### What you are asked to do
What needs reproducing is the run of lines in the data below starting at the line with "child's party information." and ending at the line with "Blush pink crystal", both ends included. Copy it exactly, without pictures, and add nothing.

### Data to process
::::::::::

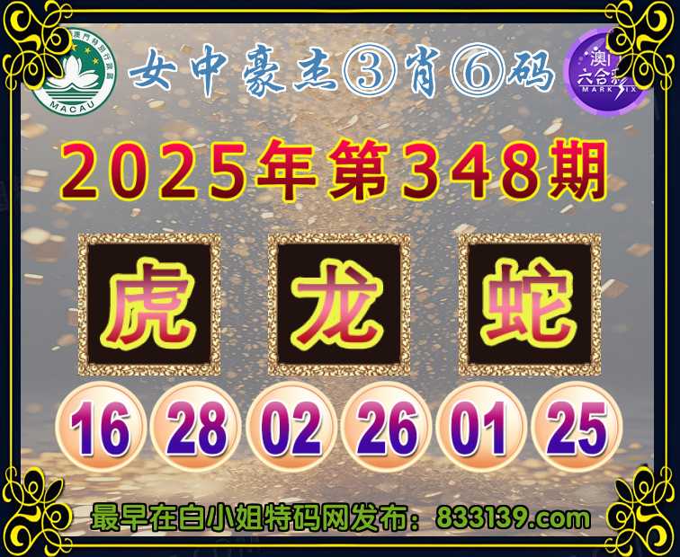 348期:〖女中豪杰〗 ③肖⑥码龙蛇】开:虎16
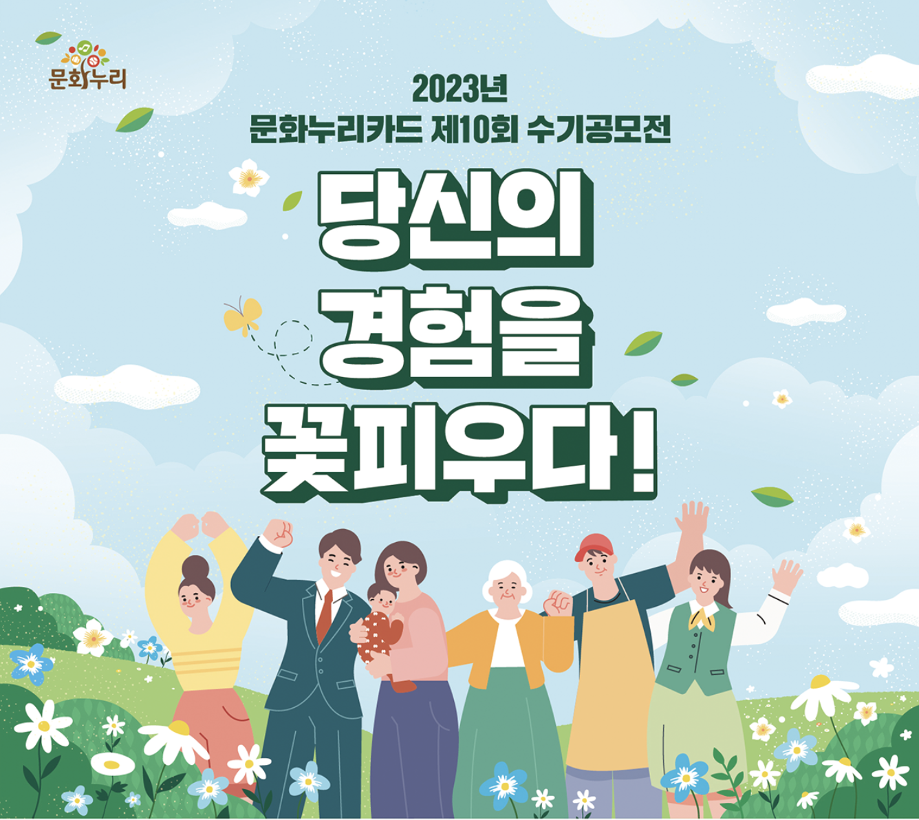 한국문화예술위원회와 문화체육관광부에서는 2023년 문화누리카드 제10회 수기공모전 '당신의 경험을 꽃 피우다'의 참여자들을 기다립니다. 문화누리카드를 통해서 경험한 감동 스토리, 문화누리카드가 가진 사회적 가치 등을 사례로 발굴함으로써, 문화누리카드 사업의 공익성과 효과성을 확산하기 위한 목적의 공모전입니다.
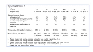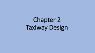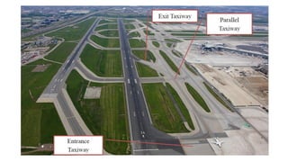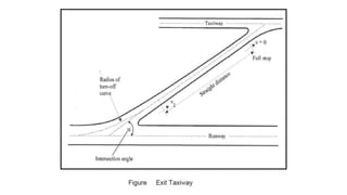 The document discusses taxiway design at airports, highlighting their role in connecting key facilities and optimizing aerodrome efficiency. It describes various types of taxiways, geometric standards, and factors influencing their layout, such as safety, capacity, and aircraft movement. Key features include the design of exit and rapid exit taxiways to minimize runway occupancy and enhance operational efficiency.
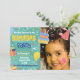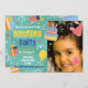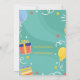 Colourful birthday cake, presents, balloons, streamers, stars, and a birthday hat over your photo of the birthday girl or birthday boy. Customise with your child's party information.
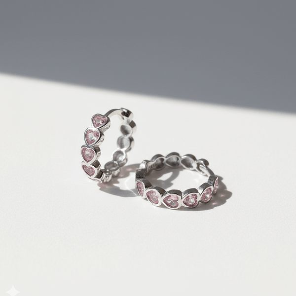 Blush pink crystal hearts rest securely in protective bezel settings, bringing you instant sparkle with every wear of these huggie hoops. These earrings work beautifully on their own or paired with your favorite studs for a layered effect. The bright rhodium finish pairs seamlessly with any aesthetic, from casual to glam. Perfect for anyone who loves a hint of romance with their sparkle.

::::::::::

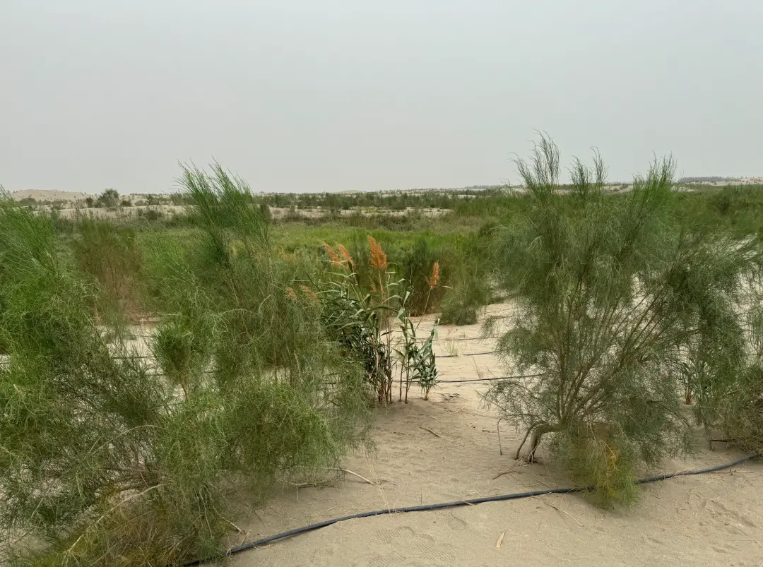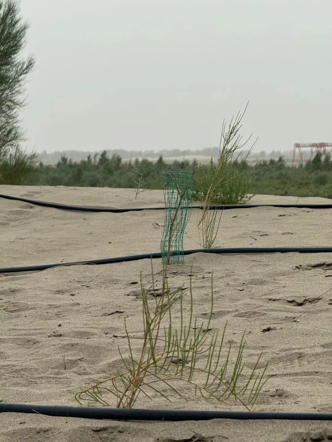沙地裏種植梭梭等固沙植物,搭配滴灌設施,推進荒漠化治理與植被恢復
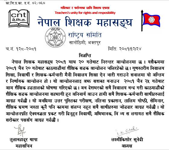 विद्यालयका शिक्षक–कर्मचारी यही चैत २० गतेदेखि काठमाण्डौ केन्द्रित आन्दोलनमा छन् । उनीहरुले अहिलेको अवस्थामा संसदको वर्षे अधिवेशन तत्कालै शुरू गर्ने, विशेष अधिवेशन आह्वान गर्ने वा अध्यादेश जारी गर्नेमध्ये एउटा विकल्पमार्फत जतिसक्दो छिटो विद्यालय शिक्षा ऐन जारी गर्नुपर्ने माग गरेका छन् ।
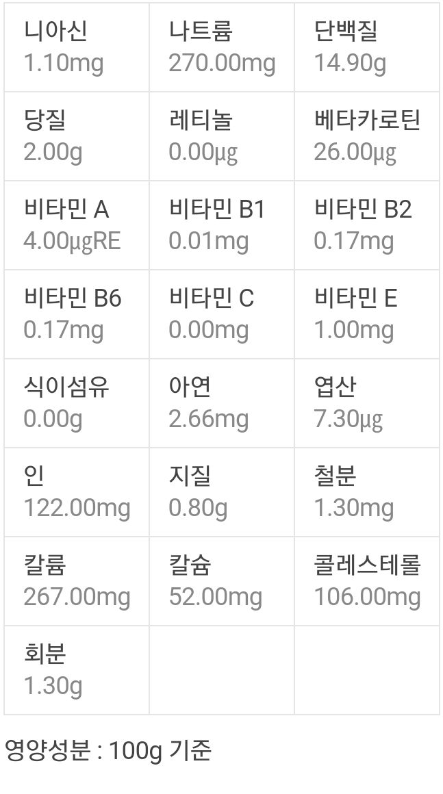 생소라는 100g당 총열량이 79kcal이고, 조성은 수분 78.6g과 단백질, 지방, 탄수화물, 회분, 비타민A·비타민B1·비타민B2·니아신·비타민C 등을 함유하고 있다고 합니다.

::::::::::

### Response to this exercise
 Colourful birthday cake, presents, balloons, streamers, stars, and a birthday hat over your photo of the birthday girl or birthday boy. Customise with your child's party information.
 Blush pink crystal hearts rest securely in protective bezel settings, bringing you instant sparkle with every wear of these huggie hoops. These earrings work beautifully on their own or paired with your favorite studs for a layered effect. The bright rhodium finish pairs seamlessly with any aesthetic, from casual to glam. Perfect for anyone who loves a hint of romance with their sparkle.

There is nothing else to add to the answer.